# Working data:
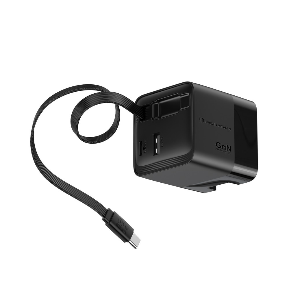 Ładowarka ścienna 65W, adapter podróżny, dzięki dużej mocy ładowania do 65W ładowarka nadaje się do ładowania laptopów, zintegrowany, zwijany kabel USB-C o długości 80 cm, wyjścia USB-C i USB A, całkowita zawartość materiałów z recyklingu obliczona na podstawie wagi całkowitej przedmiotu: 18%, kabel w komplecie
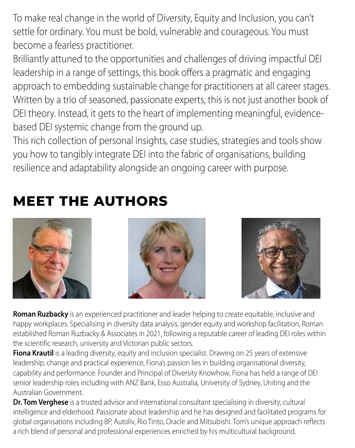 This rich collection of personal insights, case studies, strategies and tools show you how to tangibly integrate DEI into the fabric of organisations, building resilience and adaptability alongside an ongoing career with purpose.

---

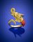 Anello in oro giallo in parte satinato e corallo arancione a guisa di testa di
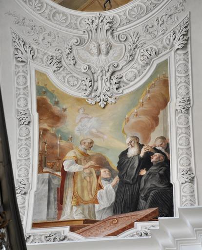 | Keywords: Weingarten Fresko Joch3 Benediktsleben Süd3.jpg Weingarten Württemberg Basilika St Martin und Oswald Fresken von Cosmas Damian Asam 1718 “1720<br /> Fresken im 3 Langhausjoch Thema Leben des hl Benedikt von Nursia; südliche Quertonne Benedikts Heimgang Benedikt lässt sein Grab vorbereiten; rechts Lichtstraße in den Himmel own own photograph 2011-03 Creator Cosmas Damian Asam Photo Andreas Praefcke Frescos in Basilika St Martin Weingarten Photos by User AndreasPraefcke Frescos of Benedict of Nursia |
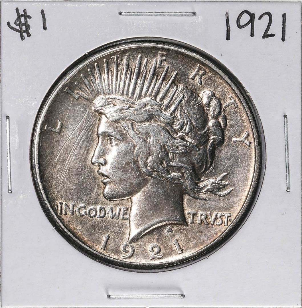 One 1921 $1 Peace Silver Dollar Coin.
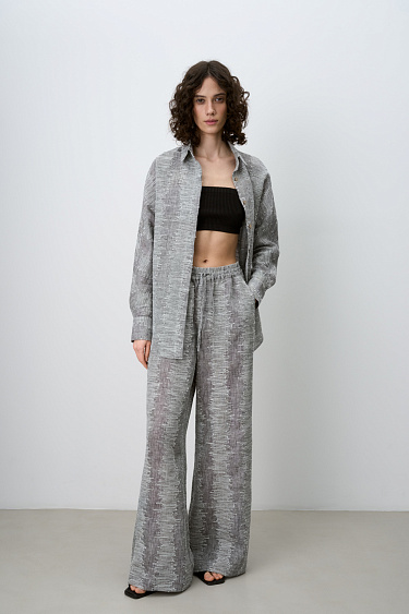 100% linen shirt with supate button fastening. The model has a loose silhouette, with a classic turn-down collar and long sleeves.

---

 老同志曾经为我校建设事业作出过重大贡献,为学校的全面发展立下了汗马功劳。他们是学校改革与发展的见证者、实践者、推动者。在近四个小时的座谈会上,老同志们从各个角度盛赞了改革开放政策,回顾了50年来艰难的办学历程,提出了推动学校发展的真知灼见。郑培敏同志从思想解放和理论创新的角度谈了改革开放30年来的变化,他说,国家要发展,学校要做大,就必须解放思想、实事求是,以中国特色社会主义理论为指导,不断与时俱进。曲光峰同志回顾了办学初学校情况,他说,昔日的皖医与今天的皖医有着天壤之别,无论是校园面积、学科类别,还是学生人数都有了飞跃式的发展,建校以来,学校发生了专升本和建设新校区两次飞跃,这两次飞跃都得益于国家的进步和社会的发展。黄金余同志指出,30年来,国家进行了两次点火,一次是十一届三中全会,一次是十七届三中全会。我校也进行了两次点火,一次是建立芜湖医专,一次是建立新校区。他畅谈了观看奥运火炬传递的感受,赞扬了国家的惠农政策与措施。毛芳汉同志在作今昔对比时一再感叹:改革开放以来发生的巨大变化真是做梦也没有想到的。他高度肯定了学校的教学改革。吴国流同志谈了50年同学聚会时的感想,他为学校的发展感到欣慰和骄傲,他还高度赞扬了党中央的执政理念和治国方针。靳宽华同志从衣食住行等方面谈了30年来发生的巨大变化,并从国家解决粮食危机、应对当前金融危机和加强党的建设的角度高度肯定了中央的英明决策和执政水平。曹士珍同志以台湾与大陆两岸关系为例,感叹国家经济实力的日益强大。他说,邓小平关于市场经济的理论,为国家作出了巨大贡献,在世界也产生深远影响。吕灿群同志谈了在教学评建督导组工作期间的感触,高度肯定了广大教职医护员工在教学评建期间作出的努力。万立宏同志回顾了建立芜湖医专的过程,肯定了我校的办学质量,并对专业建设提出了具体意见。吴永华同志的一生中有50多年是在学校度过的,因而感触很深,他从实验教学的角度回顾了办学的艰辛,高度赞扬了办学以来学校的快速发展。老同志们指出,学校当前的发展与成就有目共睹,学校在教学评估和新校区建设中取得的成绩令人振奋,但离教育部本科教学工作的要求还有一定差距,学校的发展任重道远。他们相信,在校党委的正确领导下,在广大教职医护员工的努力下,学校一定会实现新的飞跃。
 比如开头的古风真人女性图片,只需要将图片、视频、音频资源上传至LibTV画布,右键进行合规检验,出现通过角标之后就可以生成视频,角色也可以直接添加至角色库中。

# To do:
Copy out the listing above from the line containing "Ładowarka ścienna 65W, adapter" to the line containing "This rich collection", both included, exactly as written and minus the images.

# Task response:
 Ładowarka ścienna 65W, adapter podróżny, dzięki dużej mocy ładowania do 65W ładowarka nadaje się do ładowania laptopów, zintegrowany, zwijany kabel USB-C o długości 80 cm, wyjścia USB-C i USB A, całkowita zawartość materiałów z recyklingu obliczona na podstawie wagi całkowitej przedmiotu: 18%, kabel w komplecie
 This rich collection of personal insights, case studies, strategies and tools show you how to tangibly integrate DEI into the fabric of organisations, building resilience and adaptability alongside an ongoing career with purpose.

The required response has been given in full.